EXTRACTED INFORMATION >>
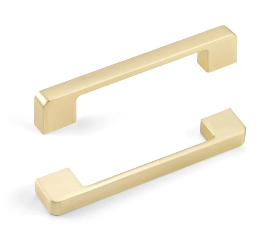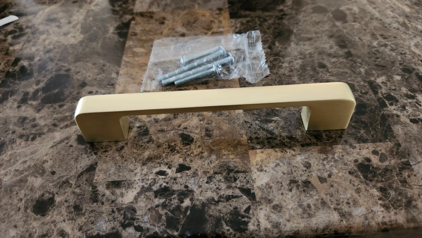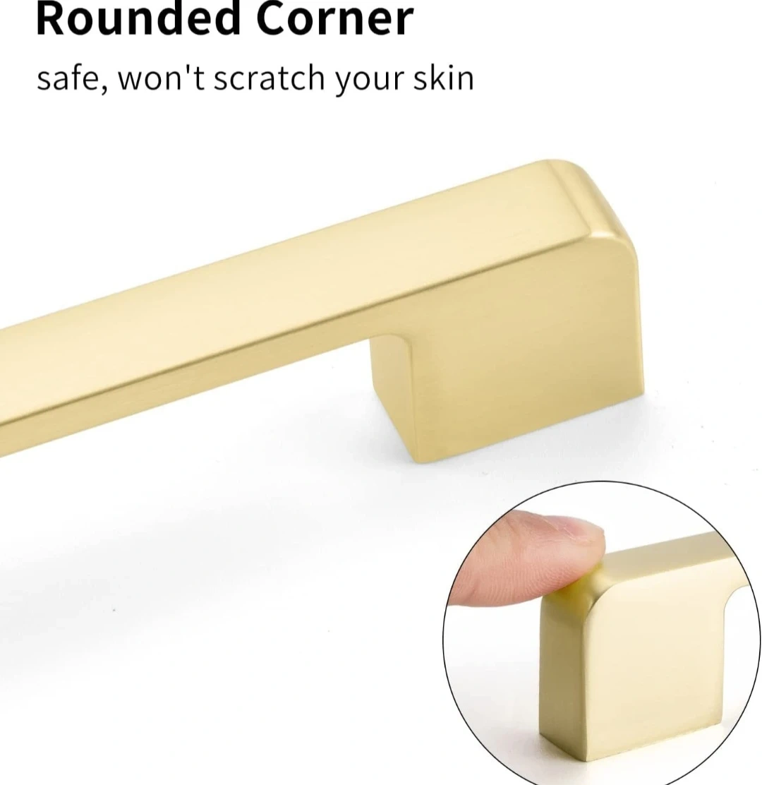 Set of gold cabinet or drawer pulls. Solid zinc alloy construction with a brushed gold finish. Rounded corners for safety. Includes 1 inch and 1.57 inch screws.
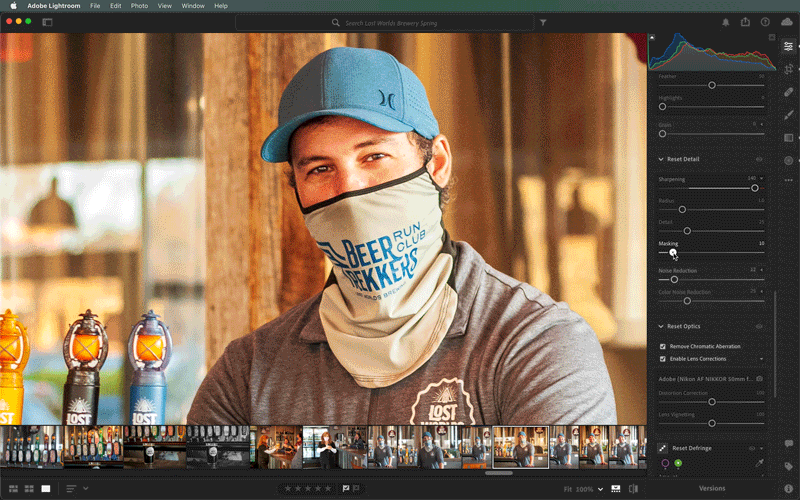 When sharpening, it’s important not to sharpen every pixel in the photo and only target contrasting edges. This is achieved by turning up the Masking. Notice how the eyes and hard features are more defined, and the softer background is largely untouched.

==

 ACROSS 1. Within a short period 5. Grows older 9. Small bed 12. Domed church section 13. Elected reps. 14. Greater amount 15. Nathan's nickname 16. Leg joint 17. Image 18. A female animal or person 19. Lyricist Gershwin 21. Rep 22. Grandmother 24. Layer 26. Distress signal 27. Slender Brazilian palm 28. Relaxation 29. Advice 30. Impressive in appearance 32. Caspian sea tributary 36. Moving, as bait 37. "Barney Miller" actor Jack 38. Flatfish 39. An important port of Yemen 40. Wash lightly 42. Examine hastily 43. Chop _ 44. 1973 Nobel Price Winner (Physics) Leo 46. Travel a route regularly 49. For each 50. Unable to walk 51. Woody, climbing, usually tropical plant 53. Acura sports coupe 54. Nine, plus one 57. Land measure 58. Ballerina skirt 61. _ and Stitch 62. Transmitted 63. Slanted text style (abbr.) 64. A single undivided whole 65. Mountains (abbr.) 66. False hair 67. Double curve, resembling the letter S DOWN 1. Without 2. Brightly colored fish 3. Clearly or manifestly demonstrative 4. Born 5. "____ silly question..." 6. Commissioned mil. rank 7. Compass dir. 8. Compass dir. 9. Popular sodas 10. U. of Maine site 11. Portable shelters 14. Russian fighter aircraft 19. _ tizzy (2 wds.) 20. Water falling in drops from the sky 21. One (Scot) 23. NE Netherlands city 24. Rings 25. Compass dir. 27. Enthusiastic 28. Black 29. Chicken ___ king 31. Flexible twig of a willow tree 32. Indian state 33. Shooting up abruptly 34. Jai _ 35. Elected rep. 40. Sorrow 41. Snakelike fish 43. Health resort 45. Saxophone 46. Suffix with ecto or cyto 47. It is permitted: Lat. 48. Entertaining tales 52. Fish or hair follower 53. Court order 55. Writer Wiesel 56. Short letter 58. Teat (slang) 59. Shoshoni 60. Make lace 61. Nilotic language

---

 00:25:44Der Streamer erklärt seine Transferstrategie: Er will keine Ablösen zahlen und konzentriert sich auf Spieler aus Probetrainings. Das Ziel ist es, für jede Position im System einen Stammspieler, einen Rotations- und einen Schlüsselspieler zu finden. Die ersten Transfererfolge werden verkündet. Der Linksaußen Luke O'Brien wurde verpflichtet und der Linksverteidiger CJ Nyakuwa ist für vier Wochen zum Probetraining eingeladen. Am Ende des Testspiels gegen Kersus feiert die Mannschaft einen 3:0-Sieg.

EXERCISE >> Although pictures appear among the records above, none are to be output; print exactly the lines from the line containing "Set of gold" through the line containing "When sharpening, it’s".

SOLUTION TO THIS EXERCISE >>
 Set of gold cabinet or drawer pulls. Solid zinc alloy construction with a brushed gold finish. Rounded corners for safety. Includes 1 inch and 1.57 inch screws.
 When sharpening, it’s important not to sharpen every pixel in the photo and only target contrasting edges. This is achieved by turning up the Masking. Notice how the eyes and hard features are more defined, and the softer background is largely untouched.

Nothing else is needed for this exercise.